When Mathis and Shannon returned, Giselle and her kids were getting into their car, and Giselle told them to call 911. Corrales was no longer breathing. Shannon called 911 from her telephone. Mathis went into the house with defendant, where Corrales was on the couch in the master bedroom. Mathis grabbed the telephone from Shannon and gave the dispatcher the address, and the dispatcher walked him through performing chest compressions on Corrales. He was still doing them three to four minutes later when the police arrived. Before the police arrived, Mathis told defendant to leave, and defendant fled out the door to the backyard.
The responding officer (with 13 years' experience) and paramedic (with 20 years' experience) had never seen bruising as extensive as Corrales's bruising. The paramedic pronounced Corrales dead at the scene.
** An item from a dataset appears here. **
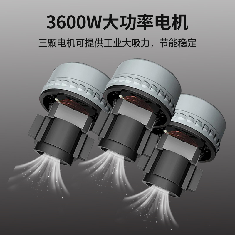 1、吸塵電機: WX-3610系列裝置3顆電機,功率可達3600W,吸塵、吸水干濕兩用;

Investigating officers from the Riverside County Sheriff's Department (one with 15 years' experience and the other with 13 years' experience) also noted they had never seen bruising as extensive as Corrales's injuries. Corrales had a vein in the bend of her right arm that appeared to be "blown out," or used extensively for drug use.
Some of the marks on Corrales's body looked as though they were the result of being struck by a cord. In the closet, an investigator found a piece of white plastic pipe with cables wrapped around it and secured with clear tape. Other loose cables were on the floor. The investigator found clear tape elsewhere in the room that appeared to match the tape on the cables. Another piece of white plastic pipe was under the bed, and a broken wooden handle of some sort was also in the room. It appeared to the investigator that Corrales's injuries might have been inflicted with these items—that is, by whipping her with the cables wrapped around the pipe, and by striking her with the other piece of pipe and wooden handle.
There were also three cellular telephones in the master bedroom, including a white iPhone belonging to Corrales. The white iPhone contained a video recorded on August 16, 2013 at approximately 11:00 a.m. It depicted defendant and Corrales. Corrales was crying and saying, "[N]o babe, baby, baby please, please." Defendant responded, "I got to," and "You gonna go? You gonna go? You know I'm going to babe." The video ended on Corrales saying, "No, no, please, you don't have to."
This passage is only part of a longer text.